Based on Figure 5 and Table 2, we can clearly see that the Reflow-RCA method improves the performance of Reflow by mitigating model collapse. While we acknowledge that completely eliminating model collapse is very challenging, our method significantly enhances the generation quality during Reflow training. This leads to a better trade-off between generation efficiency and quality, effectively pushing the Pareto frontier forward. Notably, our OCRA and OCRA-S methods outperform all existing Reflow methods on real datasets, demonstrating the effectiveness of our approach.
Regarding your concern about the benefits of more than 1–3 Reflow iterations, our experiments show that while vanilla Reflow suffers from severe model collapse with increased iterations, our RCA method substantially reduces this effect.

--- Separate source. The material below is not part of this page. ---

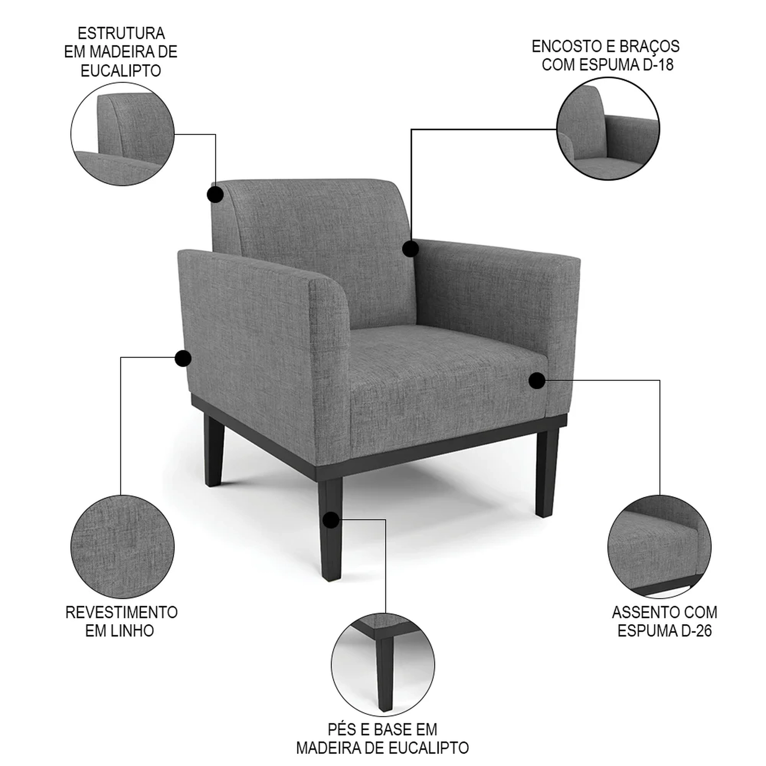Você está procurando uma poltrona que combine com a sua Sala De Estar, recepção ou seu quarto, que ofereça conforto e qualidade? Então você vai adorar a Poltrona Decorativa Base Madeira Preto Maressa Linho Grafite, da Ibiza!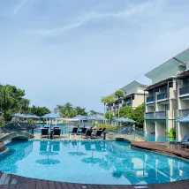 飯店擁有寬敞的庭院,非常適合在泳池邊或海邊的躺椅上放鬆身心,所有躺椅均免費提供。員工服務反應迅速。辦理入住時,房間裡有一股潮濕的味道,但工作人員立即處理並提供了空氣清新劑。清潔工作做得非常好。我喜歡這裡的早餐,種類豐富。酒店設有一個獨立的區域,供沒有孩子的客人安靜地休息,但有一天沒有開放。雞蛋和湯的供應點需要排隊,考慮到客人眾多,這也在情理之中。飯店庭院環境優美,沿著私人海灘和草坪漫步令人心曠神怡。飯店缺點:1)週邊基礎設施非常差。飯店附近只有幾家商店。貨幣兌換服務僅在特定日期提供。附近的餐廳和按摩店選擇非常有限。您可以步行前往更遠的地方,大約10分鐘,但晚上穿過昏暗的街道可能不適合所有人。飯店提供前往無尾熊中心的接駁車,但並非每天都有。習慣了普吉島豐富多彩的住宿選擇的人可能會覺得酒店外的住宿選擇非常有限。 2)沙灘上佈滿了尖銳的貝殼,根本無法赤腳行走;三天裡我一次都沒敢下海。 3)從普吉島開車到這裡大約需要兩個小時,包括到機場的時間。這家飯店非常適合喜歡安靜祥和、不願意離開飯店的客人。

This allows for more iterations without significant degradation in performance, meaning that the model continues to benefit from additional Reflow iterations when using RCA, leading to improved results over the baseline.
Furthermore, our method is compatible with many techniques aimed at improving the quality of generative models. For example, we can incorporate the LPIPS loss used in [1], the Pseudo-Huber loss from [2], or the specialized probability flow design in [3]. Additionally, our approach can be applied to existing simulation-free generative models with higher generation quality, such as [3], to achieve even greater generation efficiency.
References:
[1] Consistency Models, ICML'23.
[2] Improved Techniques for Training Consistency Models, ICLR'24
[3] Scaling rectified flow transformers for high-resolution image synthesis, ICML'24
Dear Authors,
Thank you for your time and valuable additional clarifications in the rebuttal. The presentation has improved in the revised version of the paper. Because of this, I raised my rating.
However, in my view, the current version substantially differs from the original submission and can be considered as a major revision. Besides this, I still have concerns and the presentation can be further improved. E.g. from Figure 5 it seems that there is no need in performing Reflow more than once. Reflow is used to straighten the sampling paths and decrease NFE, which makes 100-step evaluations irrelevant. And from the figure alone the significance of the improvements is not obvious for Reflow-1 and 1 or 2 steps. Moreover, I believe the results in Table 2 need more explanations. E.g. where does the drop in the performance compared to Liu et. al come from (Liu et. al report 1-step FID of 12.21 for Reflow-2, while in Table 2 the 1-step FID is 14.97)?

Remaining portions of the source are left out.